# My Best Days



## CRAPPIE LOVER (Feb 11, 2007)

I am going back a couple of years but my best days came on days like today started, fresh snow on the ground. Went out to the fields and put out our deeks, the birds were looking for some place to feed, and they decoyed very easy, it was crazy but when you are hooked you are hooked. Ohiobuck I read your post and believe you me you are hooked, you have to try the goose fields, then when you step out side and hear a honk your head will turn, or drive down the road and see a V you will be stretching your neck like we do.
Waterfowling Forever.


----------



## buzzedredneck (Jun 26, 2007)

That Sounds Real Nice.
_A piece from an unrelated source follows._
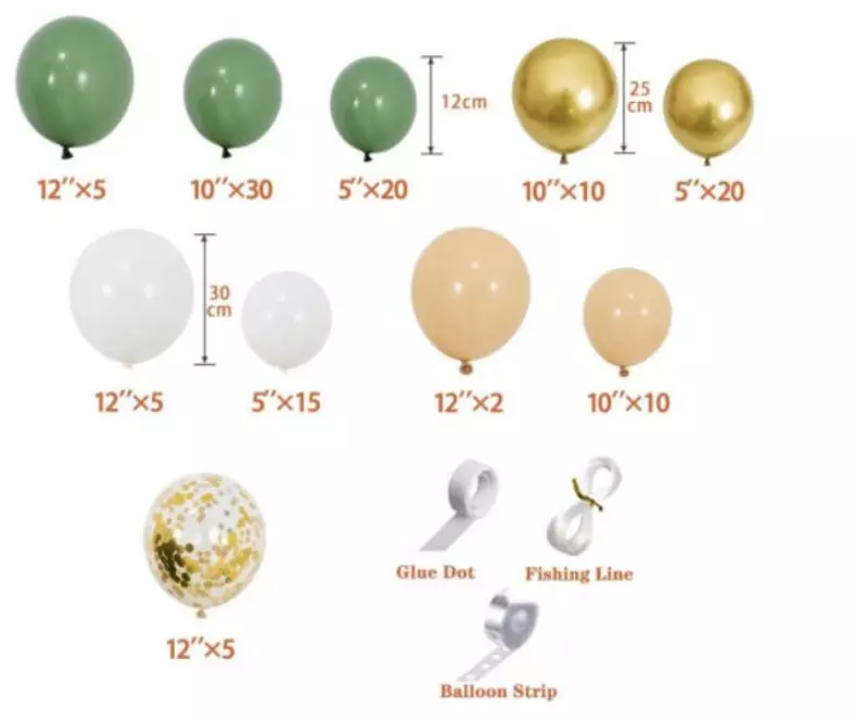 Набір включає кулі різних розмірів для досягнення багатошаровості та об'єму в декорі. У комплекті: 5 зелених куль розміром 12", 30 зелених куль 10", 20 зелених куль 5", 5 білих куль 12", 15 білих куль 5", 2 бежеві кулі 12", 10 бежевих куль 10", 5 золотих куль 12", 10 золотих куль 10", 20 золотих куль 5", а також 5 прозорих куль з блискітками розміром 12". Це дозволяє створювати як великі арки, так і більш компактні прикраси.

Mine Was The Day My Dad Shot His First Buck.


----------



## CRAPPIE LOVER (Feb 11, 2007)

You are right buzzedredneck I wish I could have said the same thing, But my dad was not the hunter or fisherman I turned out to be. He hunted one season with me , and never went out after that, I guess it was not his thing.I had a neighbor who was like a father to me , him, his son and I fished and hunted togather until I moved away from them when I was 20 years old. After that I was on my own for a long time. Remember all the times you spent with your dad hunting and fishing, take lots of pictures they will last you a lifetime. 
Have a Great Season: :!


----------



## oucat (Aug 18, 2005)

My best days on the water were when I was a youth (the first couple of years of the youth water fowl hunt). It always seemed that we had the areas to ourselves and always had the opportunity to tag out. The old timers that took me back then have moved on, but because of them my best waterfowl days are when I am fortunate enough to take a greenhorn out and see them burn through a box of shells in no time. Also, I love the days when you just get done picking up the dozens of decoys only to see what seems like hundreds of birds flying your way on the horizon.


----------